● Problem statement: All lines from the one bearing "Step 6: XAMPP" through the end of the data below must be printed exactly as they stand, with pictures removed.

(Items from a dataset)

○ ○ ○ ○ ○

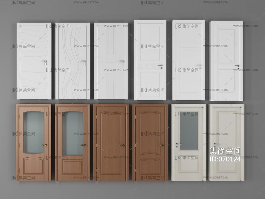 奶油简约双开门_玻璃门_厨房门_阳台门_双开门3D模型3d模型下载
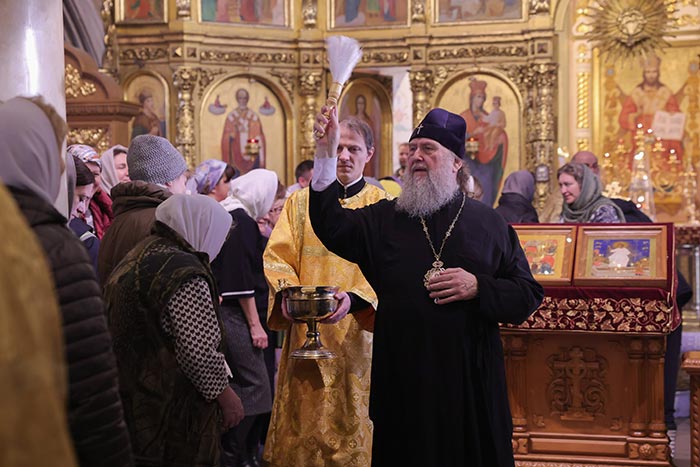 Глава Митрополичьего округа поздравил верующих с воскресным днем – «Малой Пасхой» и обратился к собравшимся со словом о значении мученического подвига, после чего поздравил именинниц с днем ангела и преподал прихожанам архипастырское благословение.
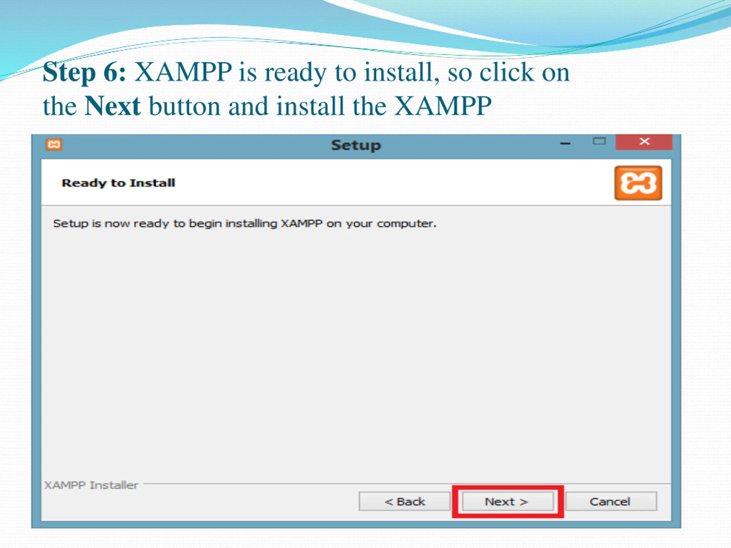 Step 6: XAMPP is ready to install, so click on the Next button and install the XAMPP
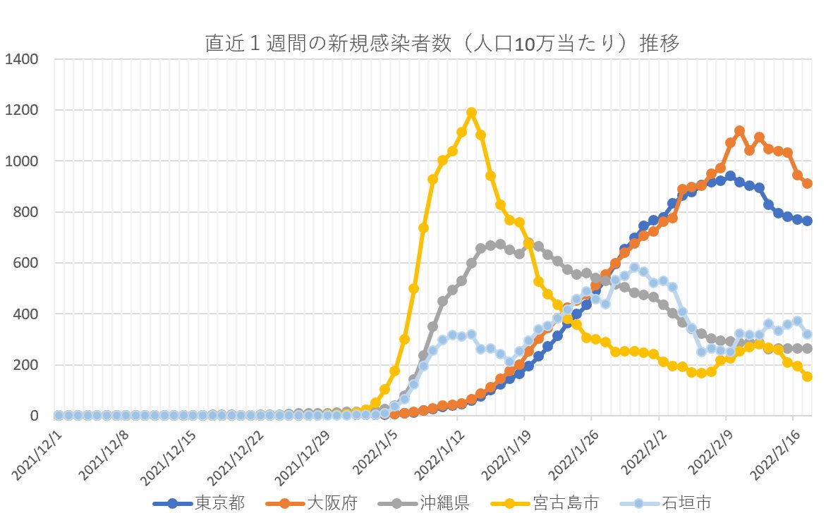 【速報・新型コロナ】17日、直近1週間の新規感染者(人口10万人当たり)
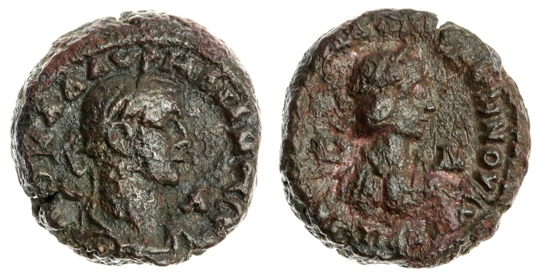 The Hanlon Collection | Roman Empire , Vabalathus, 270-275, Tetradrachm, 270-271, Laureate, draped and cuirassed bust of Aurelian r.; in field, L-A,rev, Laureate, draped and cuirassed bust of Vabalathus; in field, L- A, 8.81g, (Dattari 5422 ; Geissen 3056.) fairly corroded, deposits to surface, G

○ ○ ○ ○ ○

● Finished task:
 Step 6: XAMPP is ready to install, so click on the Next button and install the XAMPP
 【速報・新型コロナ】17日、直近1週間の新規感染者(人口10万人当たり)
 The Hanlon Collection | Roman Empire , Vabalathus, 270-275, Tetradrachm, 270-271, Laureate, draped and cuirassed bust of Aurelian r.; in field, L-A,rev, Laureate, draped and cuirassed bust of Vabalathus; in field, L- A, 8.81g, (Dattari 5422 ; Geissen 3056.) fairly corroded, deposits to surface, G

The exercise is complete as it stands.